### [Records for the exercise]
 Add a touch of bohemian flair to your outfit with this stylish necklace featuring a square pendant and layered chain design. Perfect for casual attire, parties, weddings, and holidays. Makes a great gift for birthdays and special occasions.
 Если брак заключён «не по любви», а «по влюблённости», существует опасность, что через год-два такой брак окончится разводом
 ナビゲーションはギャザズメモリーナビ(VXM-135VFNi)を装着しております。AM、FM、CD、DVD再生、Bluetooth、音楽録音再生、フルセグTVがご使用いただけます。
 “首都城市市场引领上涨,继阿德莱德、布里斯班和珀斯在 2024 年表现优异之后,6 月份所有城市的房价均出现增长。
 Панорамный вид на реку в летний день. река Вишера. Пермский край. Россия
--
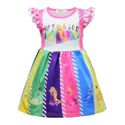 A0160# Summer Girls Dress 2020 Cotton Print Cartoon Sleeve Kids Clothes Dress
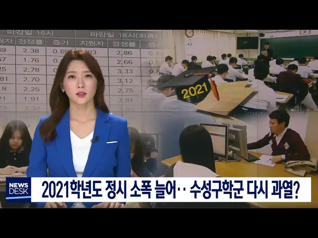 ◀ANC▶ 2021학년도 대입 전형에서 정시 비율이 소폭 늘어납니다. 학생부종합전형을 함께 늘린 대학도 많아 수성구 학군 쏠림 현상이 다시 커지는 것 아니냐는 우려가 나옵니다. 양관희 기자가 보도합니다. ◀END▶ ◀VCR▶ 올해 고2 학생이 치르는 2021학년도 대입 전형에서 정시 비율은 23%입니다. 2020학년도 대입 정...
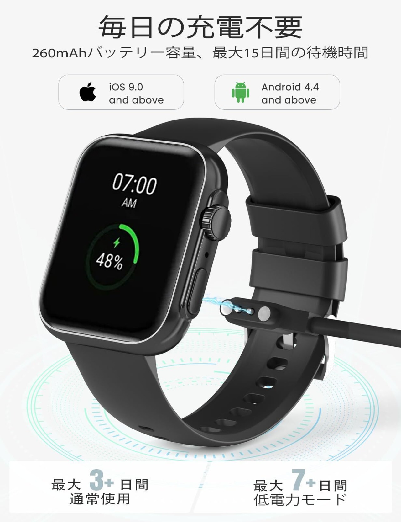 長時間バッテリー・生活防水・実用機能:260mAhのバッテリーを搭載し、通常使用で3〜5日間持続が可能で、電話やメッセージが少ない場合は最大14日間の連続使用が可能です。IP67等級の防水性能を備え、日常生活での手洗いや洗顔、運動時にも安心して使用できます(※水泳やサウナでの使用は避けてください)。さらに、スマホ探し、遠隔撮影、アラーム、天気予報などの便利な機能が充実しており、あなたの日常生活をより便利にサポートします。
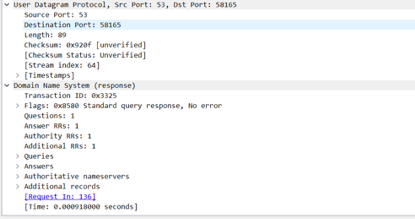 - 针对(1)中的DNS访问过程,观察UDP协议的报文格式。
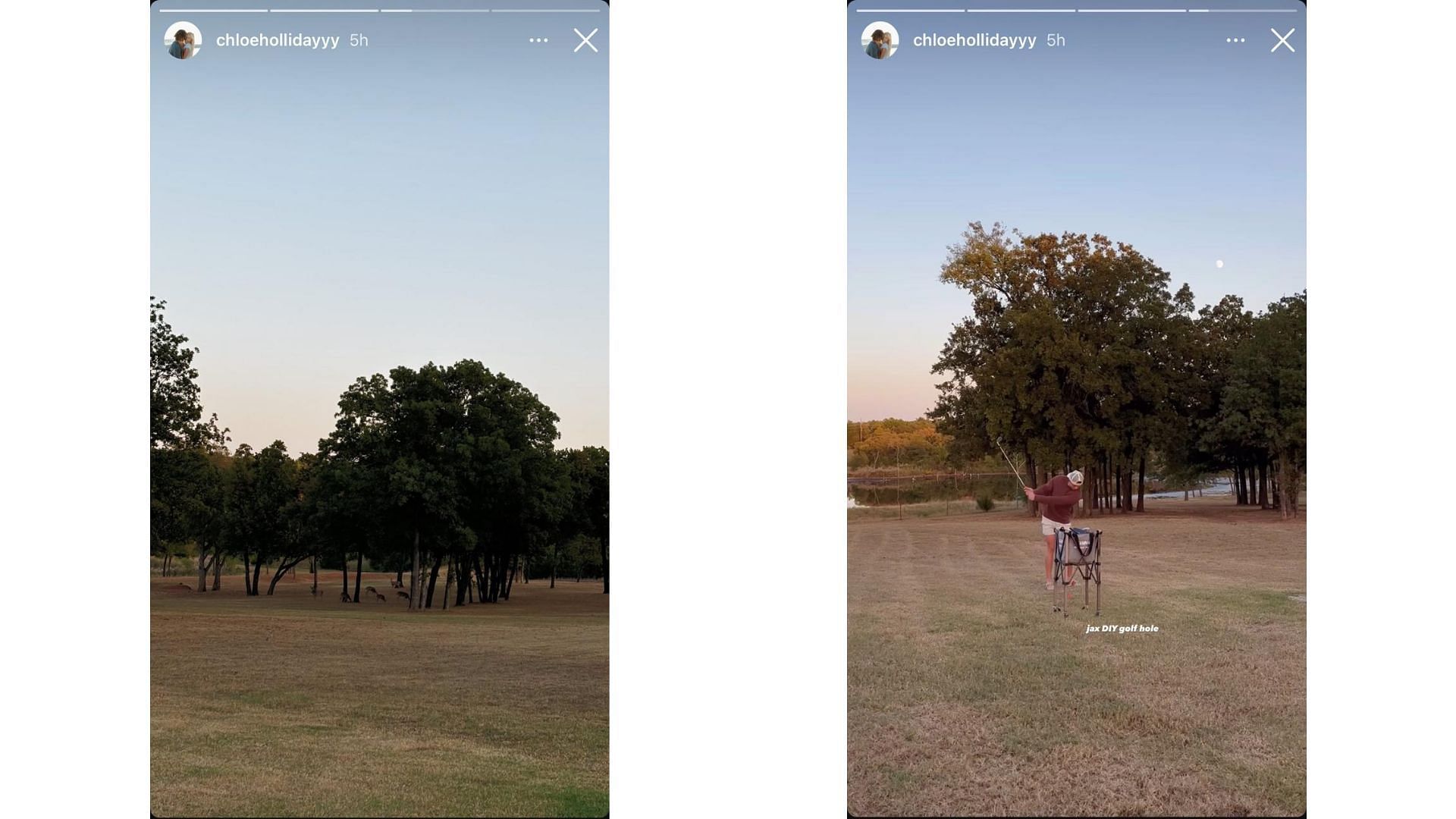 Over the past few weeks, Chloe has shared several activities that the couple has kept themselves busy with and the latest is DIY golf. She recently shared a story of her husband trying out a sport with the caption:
==
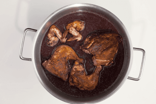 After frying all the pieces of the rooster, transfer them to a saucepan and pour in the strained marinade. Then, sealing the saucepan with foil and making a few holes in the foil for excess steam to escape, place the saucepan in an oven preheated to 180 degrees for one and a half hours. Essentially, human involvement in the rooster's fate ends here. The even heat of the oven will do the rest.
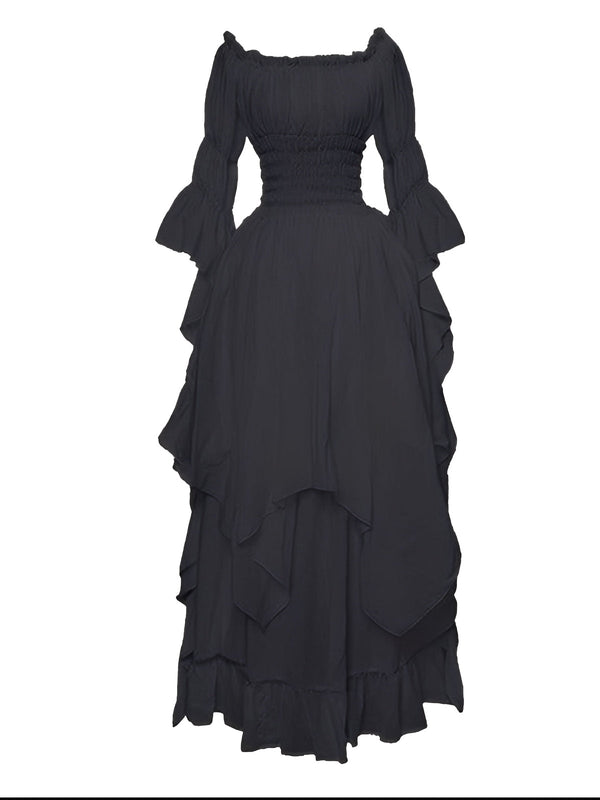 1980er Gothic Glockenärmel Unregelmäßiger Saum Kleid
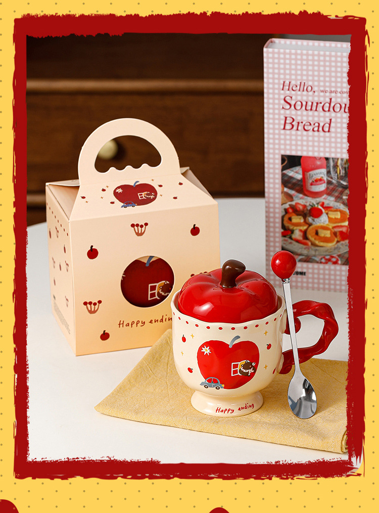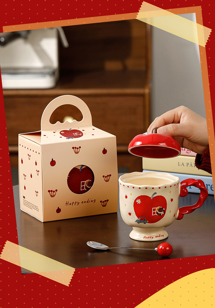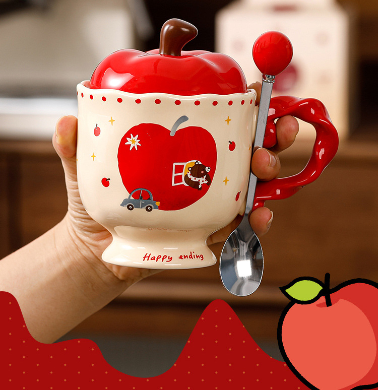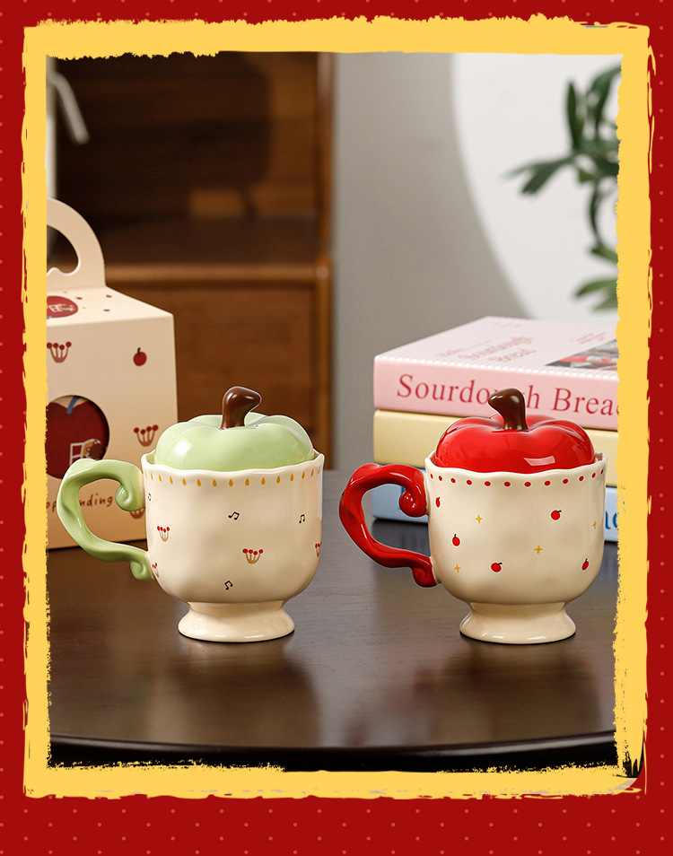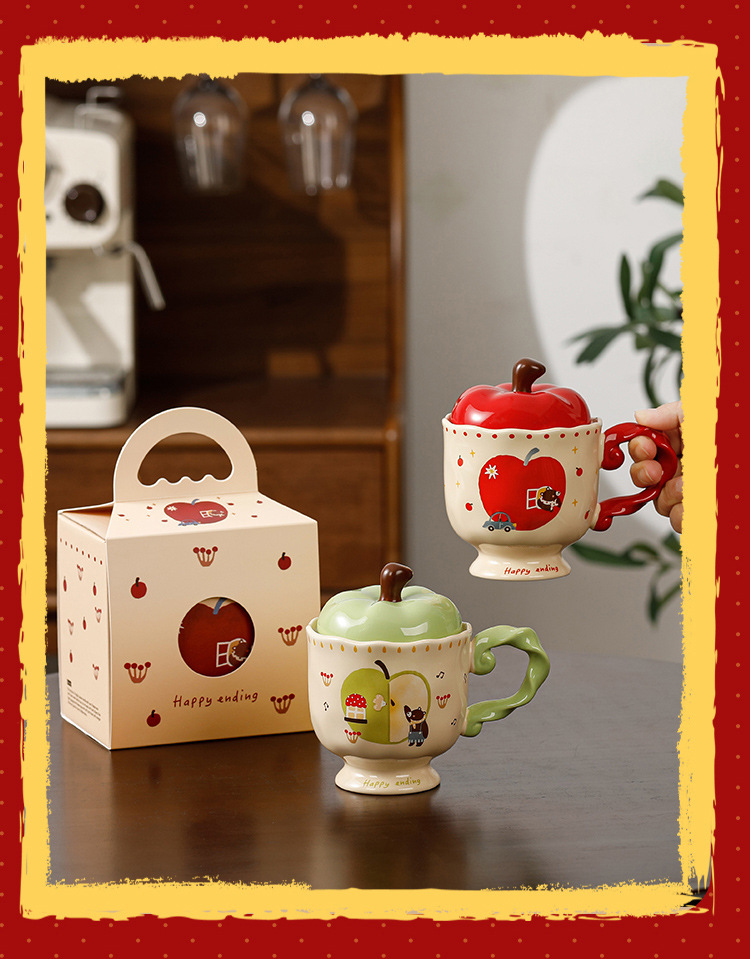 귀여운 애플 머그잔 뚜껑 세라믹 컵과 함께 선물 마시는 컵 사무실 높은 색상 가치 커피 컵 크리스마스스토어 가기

### [About this exercise]
Given the data above, transcribe exactly the lines from the one containing "Add a touch" down to the one containing "Панорамный вид на", and no others.

### [Your response]
 Add a touch of bohemian flair to your outfit with this stylish necklace featuring a square pendant and layered chain design. Perfect for casual attire, parties, weddings, and holidays. Makes a great gift for birthdays and special occasions.
 Если брак заключён «не по любви», а «по влюблённости», существует опасность, что через год-два такой брак окончится разводом
 ナビゲーションはギャザズメモリーナビ(VXM-135VFNi)を装着しております。AM、FM、CD、DVD再生、Bluetooth、音楽録音再生、フルセグTVがご使用いただけます。
 “首都城市市场引领上涨,继阿德莱德、布里斯班和珀斯在 2024 年表现优异之后,6 月份所有城市的房价均出现增长。
 Панорамный вид на реку в летний день. река Вишера. Пермский край. Россия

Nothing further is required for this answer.